I tend to float through my days blissfully unaware of pop culture. Keeping up with music news isn't a big priority. Despite that, I found myself surprised to learn that Barry Manilow had debuted a new album in June—his first collection of new material in a decade—without me noticing. I was a huge fan of his back in the day, so ...
What? Why are you looking at me like that?
Anyway, the album,
15 Minutes, is apparently somewhat of a departure from his usual style, more guitar-driven than his previous work. I checked out a few clips on
Amazon.com, and ...
What?
Shut
up!* * *
"At the Cooooopa ... Copacabaaaaaana ..."
"What are you singing?" I asked.
It seemed like a reasonable question to me, but my friend Tina could hardly believe it. I'd never heard "Copacabana"? I'd never heard of Barry Manilow? My awareness of pop culture at age nine wasn't much better than today, so yes on both counts.
Not long after that conversation, I caught "Copacabana" on the radio and listened carefully.
"It's a pretty stupid song," I told Tina the next day. "And you sing it better than he does."
But for some reason, "Copacabana" started to grow on me. Enough that I asked my mother to buy me the album when I was home sick. She brought me back a copy of
Even Now, and I wore out my little kiddie record player's needle on "Copacabana." Every other song on the record was a keeper too. Soon I was spending countless hours in the living room, parked in front of the stereo, listening to
Barry Manilow's Greatest Hits.
What wasn't to like? Catchy melodies, heartfelt lyrics, great piano arrangements—Barry Manilow had it all.
Alas, other members of the household didn't share this assessment. My mom mostly tried to ignore the music, if memory serves, but my dad was not one to suffer in silence. We had constant battles over the volume when he got home from work. I had no idea how funny this was at the time. I could have blasted Judas Priest at them. I could have spun Led Zepplin backwards, trying to find satanic messages. I'd say they didn't know how good they had it, except that they probably would have preferred the satanic messages.
Anyway. Somewhere around the age of 11, my musical tastes went in a different direction. I started listening to the "adult contemporary" station whose format would today be considered classic rock-ish. I discovered Chicago and the Eagles. A friend introduced me to "Hey Jude" and it blew my little mind.
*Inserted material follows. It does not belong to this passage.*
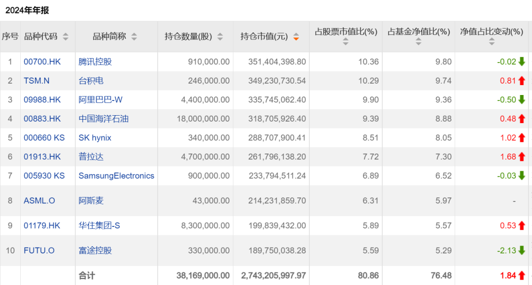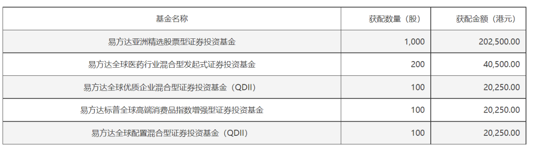 此外,杨桢霄管理的易方达全球医药行业混合,李剑锋管理的易方达全球优质企业混合,王元春管理的易方达标普全球高端消费品指数增强,张清华管理的易方达全球配置混合也均获配一定股份。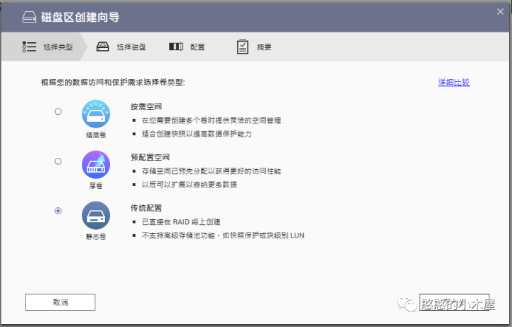 重要提醒:精简卷和厚卷不是标准raid阵列,数据是存储在raid阵列上的存储池中,一旦需要做硬盘数据恢复,大概率是恢复不了的,且一旦选定卷类型则无法改变。

Barry Manilow fell by the wayside. This wasn't a conscious decision on my part. I wasn't convinced by my parents and other naysayers to stop liking him—in fact, I never really stopped liking him. I just moved on.
* * *
Home alone one night, flipping through radio stations, I came across a Barry Manilow song—"Weekend in New England," I think—on Lite Rock 94.9. Yay! I was in my 30s at this point and hadn't heard him in ... I couldn't even remember how long.
I settled in to listen, and ...
Oh god.He sounds like THAT?All these years, I'd assumed everybody made fun of Manilow because he was sappy. But no. At long last, I heard what everybody else heard. The earnestness. The lack of any kind of edge combined with a dropping of the Gs ("yearnin'"). The highly produced arrangements, complete with violins and soft brass.
Bring them all together and you had a perfect storm of cheese.
After the first shockwave of realization, a discomfiting thought hit me: If there was a time when I could listen to this and not hear the cheese, it was because I hadn't been filtering it through a half-dozen layers of cynicism.
There was a time when those layers simply didn't exist.
So now what? Would I join the ranks of all the people who made fun of Barry Manilow's music? Chalk up my previous adoration to not knowing any better?
I didn't want to. I couldn't. Those songs were my friends when I didn't have a lot of friends. They made a long, rough patch of childhood a little more joyful. Who can ask any more from music than that?
Besides, love him or hate him, you couldn't doubt the man's sincerity. He meant every word he sang. He performed the way he did because he wanted to, not because people considered his sound cool at the time. Hell, even at the height of his popularity, Barry Manilow was never cool. He was just Barry Manilow.
Above all? I wanted to preserve that kid who hadn't yet grown all those layers of cynicism. Who could listen to the earnestness and the dropped Gs and the violins and just accept his music for what it was intended to be. This went far beyond nostalgia. If I treated Barry Manilow like a joke, those last vestiges of my innocence would dry up and blow away.
So I decided. And to this day, I still smile when I hear one of his songs.
And I'm buying his new album, dammit.